WHAT IS NEEDED
If a record holds a picture, leave the picture out and restate everything else word for word.
Content starts
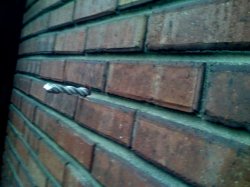 This is a pic my partner took of a drilling going through the brick wall of our house. We were drilling a hole through the wall to string cable through. We were so excited we measured and got it in between the brick.
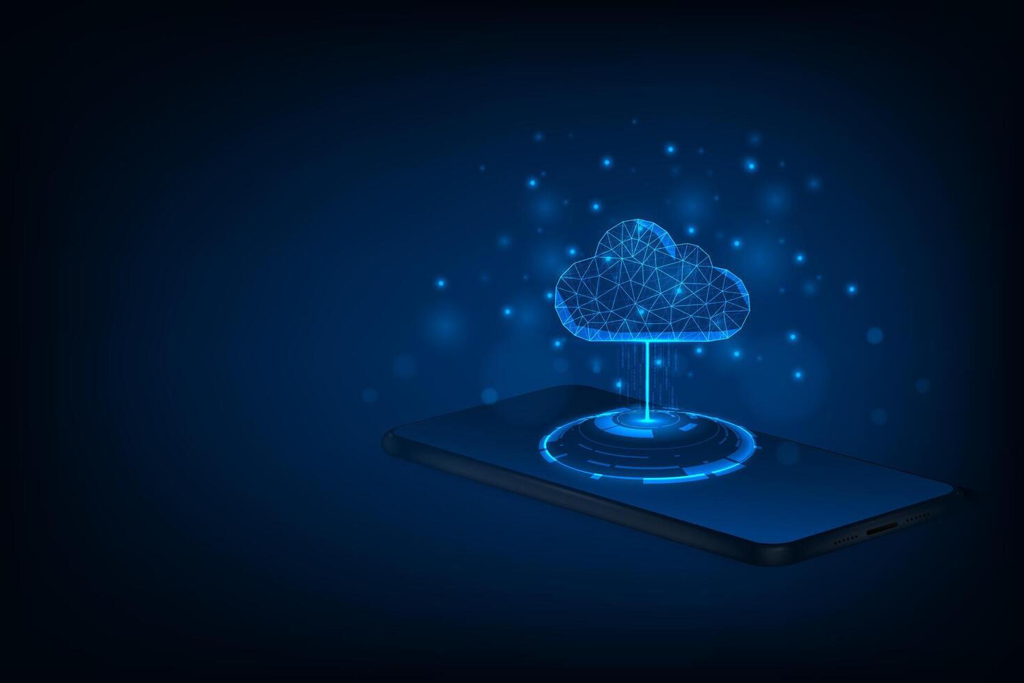 Vector abstract futuristic cloud computing technology with smartphone. Template banner design. Pro Vector
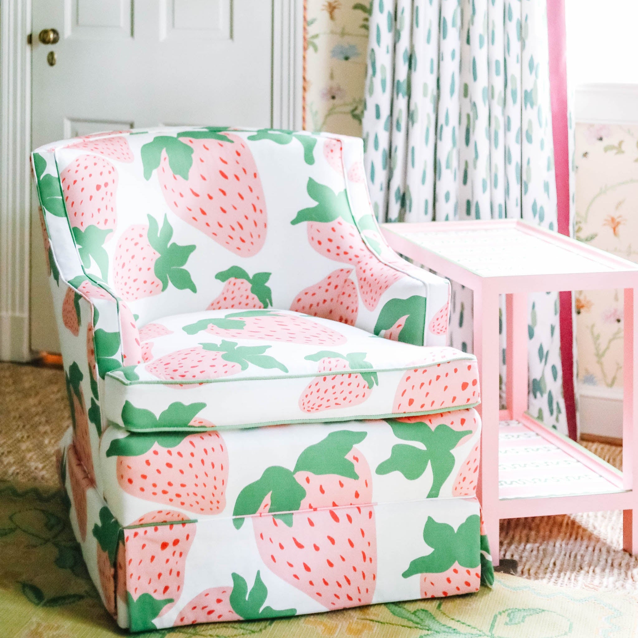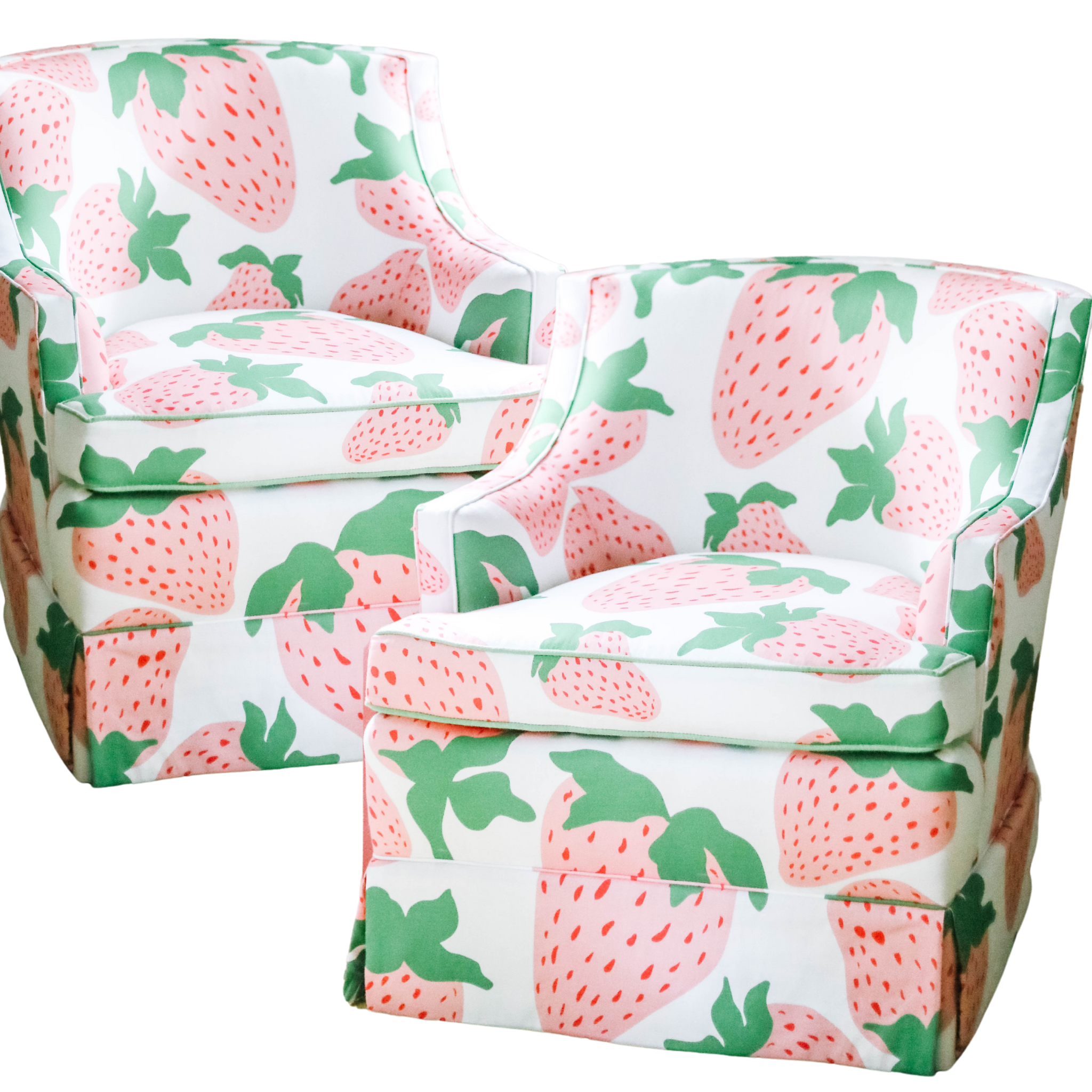 A stunning pair of vintage chairs newly upholstered in the made-in-America Madcap Cottage Garden Party Strawberry fabric designed by Team Madcap to celebrate a spirit of eternal Summer. Super comfortable. Timeless. Fresh. And just picked. Settle into the sublime. And remember that the Garden Party Strawberry pattern is also available as a wallpaper, a shower curtain, and so much more!
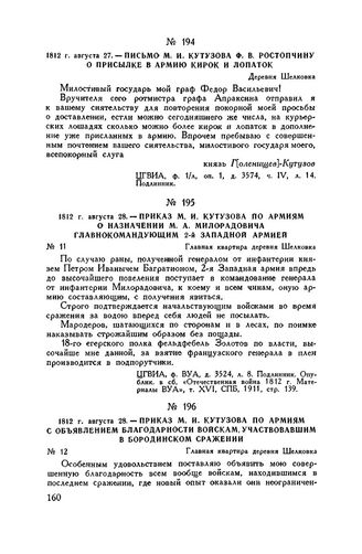 1812 г. августа 28. — Приказ М.И. Кутузова по армиям с объявлением благодарности войскам, участвовавшим в Бородинском сражении. Главная квартира деревня Шелковка // ЦГВИА, ф. ВУА, д. 3524, л. 8 и об. Подлинник. Опублик. в сб. «Отечественная война 1812 г. Материалы ВУА», т. XVI, СПБ, 1911, стр. 139-140; частично опублик. в сб. «Фельдмаршал Кутузов», 1947, стр. 174.
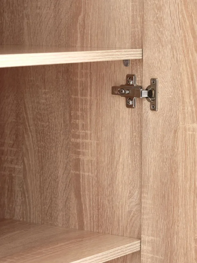 Kunstfiner. Skabets indretning: 3 hylder og 1 bøjlestang. B97 x H176 x D50 cm
Content ends
SOLUTION FOR THIS EXERCISE
 This is a pic my partner took of a drilling going through the brick wall of our house. We were drilling a hole through the wall to string cable through. We were so excited we measured and got it in between the brick.
 Vector abstract futuristic cloud computing technology with smartphone. Template banner design. Pro Vector
 A stunning pair of vintage chairs newly upholstered in the made-in-America Madcap Cottage Garden Party Strawberry fabric designed by Team Madcap to celebrate a spirit of eternal Summer. Super comfortable. Timeless. Fresh. And just picked. Settle into the sublime. And remember that the Garden Party Strawberry pattern is also available as a wallpaper, a shower curtain, and so much more!
 1812 г. августа 28. — Приказ М.И. Кутузова по армиям с объявлением благодарности войскам, участвовавшим в Бородинском сражении. Главная квартира деревня Шелковка // ЦГВИА, ф. ВУА, д. 3524, л. 8 и об. Подлинник. Опублик. в сб. «Отечественная война 1812 г. Материалы ВУА», т. XVI, СПБ, 1911, стр. 139-140; частично опублик. в сб. «Фельдмаршал Кутузов», 1947, стр. 174.
 Kunstfiner. Skabets indretning: 3 hylder og 1 bøjlestang. B97 x H176 x D50 cm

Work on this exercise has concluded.